Re: When to make objects uncacheable ?

Tai Jin wrote:
>> The CGI URLS at my proxy make up 11% of all accesses.  In terms of
>> unique URLs, CGI URLs make up 15%.  Of these 56% are accessed more
>>
>>  ...
>>
>> Average CGI transfer                                        6404

>I'd be more interested in increasing the hit rate on cacheable URLs.
>I can't discern the hit rate from your data, but if you're getting a
>40% hit rate then, sure, you can try to squeeze the remaining 5% (48%
>of 11%) out of it.

Well, actually the current hit rate is zero.  Due to sizing
problems we have had to turn off caching a few weeks ago.  That's
why I found out about this list, and also why I wrote some code to
analyze 600MB of log files.  I'm looking to implement a multi-level
cache, distributed over three sites, but today I am just collecting
data to model the sizing issues.

To answer another recent post, I am looking at implementing a central proxy 
cache of ~30 GB, using Netscape 2.0 (or 2.1 which Netscape claims will be 
performance-enhanced).  We will start testing in a few weeks.
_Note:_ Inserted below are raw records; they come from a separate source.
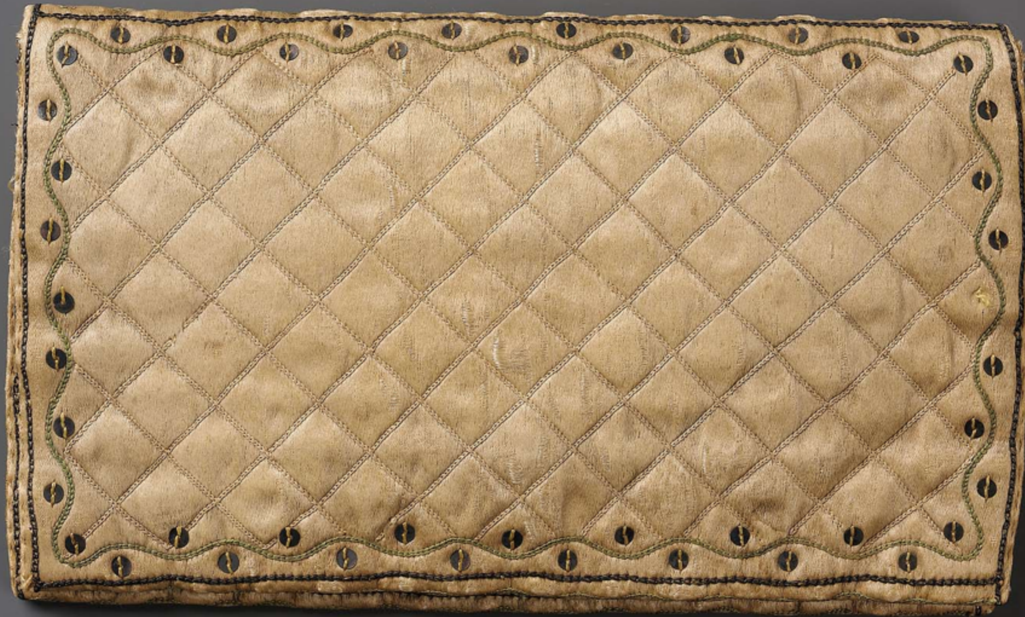
French Silk with Metallic Thread Pocket Book Mid to Late 18th Century (Museum of Fine Arts, Boston)
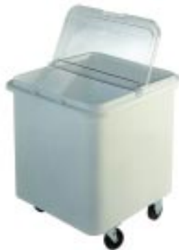
5027 - Ingredient Bin
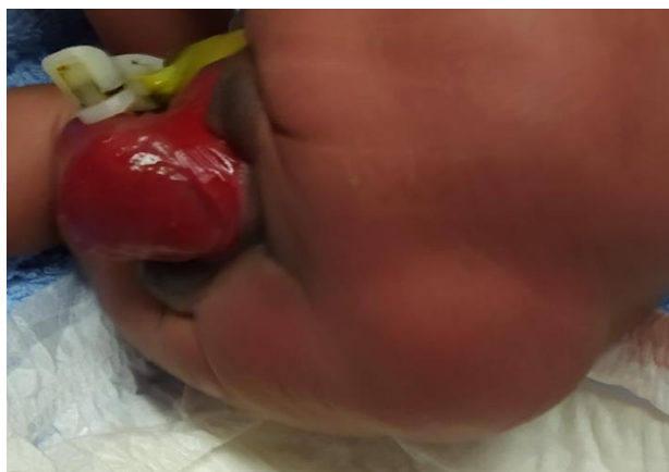
Figure 3: spina bifida occulta meningocele.

Medical imaging examinations were carried out to determine the nature and extent of the malformations. Cardiac ultrasound revealed an ostium secundum type inter-atrial communication of approximately 2.5 cm, the interventricular septum being intact (fig4). Abdominal and pelvic ultrasound concluded there was bladder exstrophy, with integrity of the intra-abdominal organs. The transfontanelar ultrasound showed a posterior superficial formation of pure anechoic content measuring 38 x 17 x 33 mm, that is 11 cc in volume, with an opening into the medullary canal, suggesting a meningocele, the dural sheath not being visualized in the mass. Moreover, the requested
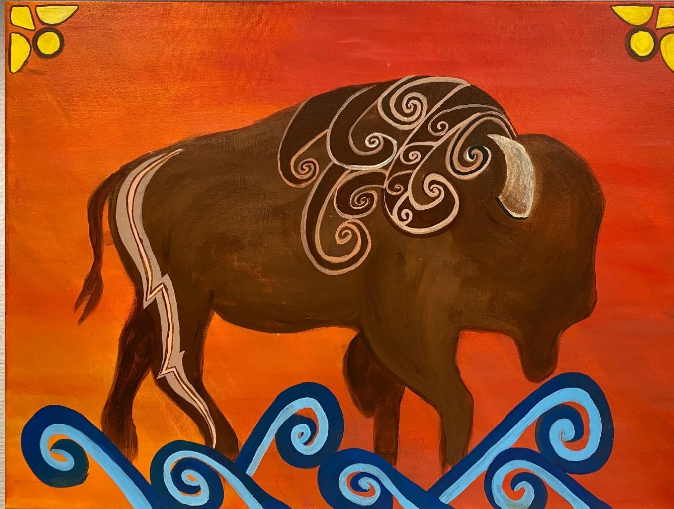
Micah Postoak “Buffalo in Water” Acrylic Paint
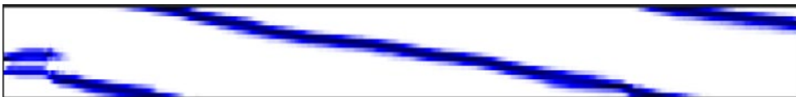
Figure 1C: Food Genome for Food
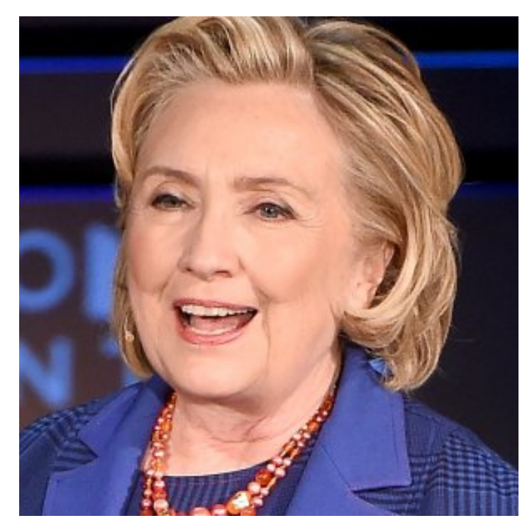
Hillary's Apparent Wandering Eye Revealed in Surprising Tell-All
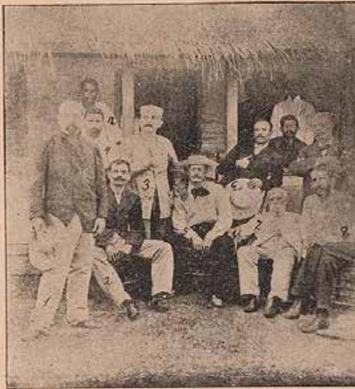
GRUPO DE DEPORTADOS.
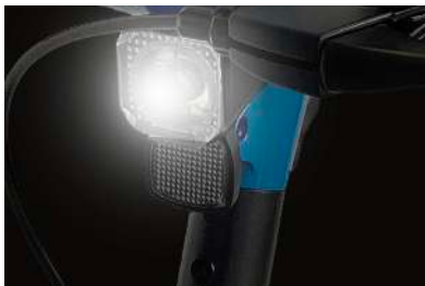
FRONT LIGHT & SAFETY REFLECTOR

>Here are my cache stats (for a small workgroup, data in megabytes) -
>
>Total cacheable URLs:       64194/90.51
>Total cacheable data:       427.2/91.98
>Unique cacheable URLs:      29799/46.42/42.01
>Unique cacheable data:      301.2/70.50/64.85
>URLs accessed only once:    23138/77.65/36.04/32.62
>Data accessed only once:    242.2/80.41/56.69/52.15
>Unique non-cacheable URLs:   1204/17.88/ 1.70
>Unique non-cacheable data:    6.5/17.37/ 1.39
>
>I have similar numbers in terms of cacheable (91%) and non-cacheable
>(9%) URLs.  The percentage of URLs accessed only once is relatively
>high: 78% of unique cacheable URLs, 36% of total cacheable URLs, or
>33% of total URLs.  And the percentage of data accessed only once is
>even higher: 80% of unique cacheable, 57% of total cacheable, or 52%
>of total data.
>
>HIT/freq:       10721/16.76     96.4/20.76
>MISS/freq:      33777/52.81
>EXPIRED/freq:     697/ 1.09
>REFRESH/freq:    3196/ 5.00
>IMS/freq:       15564/24.34
>ERR/freq:         239/ 0.37
>
>The percentage of hits is relatively small (17% of requests and 21% of
>data) and I'd like to increase this.  But it looks like the best I can
>hope for is about 40% of total data volume (+ 52% accessed once + 8%
>non-cacheable = 100%).  Has anyone been able to do better than 40%?
>I'm wondering if that's the practical limit.

That's what I'm seeing as well.  The best I could hope for would be
37% of the URLs, which would account for 48% of the data.  And this
assumes that none of the pages have expired (which I can't easily
see from the logs) within the week.

What I did notice that as the number of logs analyzed increase, the
potential hit rates did get better.  When I looked at one day, I
calculated that I should only be able to get a 28% hit rate(URLs).
With two days data in cache, I should be able to get a 33% hit
rate.  One week - 37%.

The relationship is not linear with respect to time, and I expect
to see diminishing returns, but I imagine that if the cache is
large enough to store all accesses for a month, the hit rate would
increase even higher.  I could try to analyze a month's worth of
access logs to calculate the potential hit rates, but my current
program isn't up to the task.  However, the overhead of managing
the cache increases with the size. Or is it the square of the
size?

Chris

Received on Tuesday, 20 August 1996 09:05:00 UTC